Moving Towards an AIDS-free Generation

World AIDS Day Ribbon at the White House

A red ribbon is displayed on the North Portico of the White House, Nov. 30, 2010, in advance of World AIDS Day. (Official White House Photo by Lawrence Jackson)

(Official White House Photo)

What a year it has been!  One year ago on World AIDS Day, President Obama announced ambitious new targets in the global fight against HIV/AIDS, and on the domestic front focused investment to support the first comprehensive National HIV/AIDS Strategy to fight the epidemic here at home. In the President’s speech that day he said: “we are going to win this fight. But the fight is not over…”  As we celebrate World AIDS Day 2012, it is worth taking a moment to look back at what’s been achieved and what remains to be done to meet the goal of an AIDS-free generation.

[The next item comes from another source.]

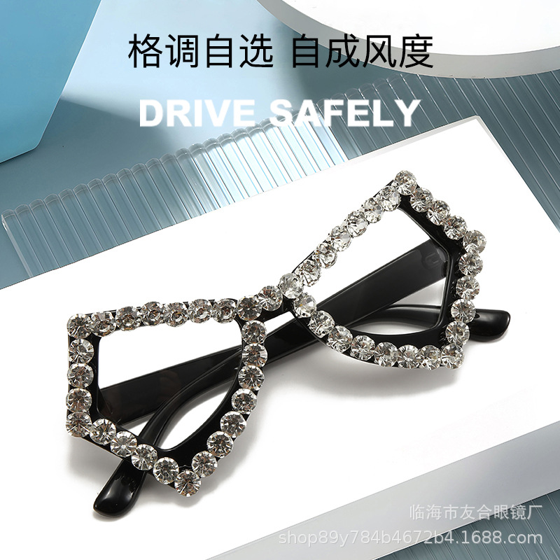 クロスボーダーの新しい手作りダイヤモンド付きサングラス、ファッショナブルでパーソナライズされたバタフライスタイルの抗UVサングラス、抗ブルーライトメガネ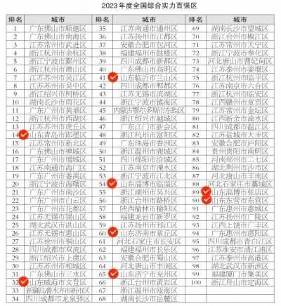 2023年度全国综合实力百强区榜单中,山东共有8地入选:青岛市即墨区、威海市文登区、临沂市兰山区、淄博市临淄区、济南市章丘区、济宁市兖州区、淄博市张店区、东营市东营区。

We’re pleased to announce that the President’s commitments have translated into meaningful action over the last year and that we’re making measurable, real progress.  We’ll talk about that progress in detail this week, when the White House will host an event for World AIDS Day on November 29 from 1pm-3pm, which you can watch at www.whitehouse.gov/live. We’ll discuss the results we have achieved over the last year – including towards meeting the targets set by the President one year ago, and the next steps we will be taking to turn the tide on this epidemic. Please join us!

This summer, we were reminded that HIV impacts all of us, no matter who we are or where we live. The International AIDS Conference returned to the United States for the first time in 22 years, thanks to President Obama concluding a successful bipartisan effort to end the entry ban on persons living with HIV. The Conference was an unqualified success, with new and exciting treatment and prevention research announced and representation of persons living with HIV from all regions of the world. President Obama welcomed delegates to the conference and hosted HIV-positive conference delegates and others for a White House reception. Six senior White House staff recorded powerful and personal videos on how the HIV/AIDS epidemic has impacted their lives.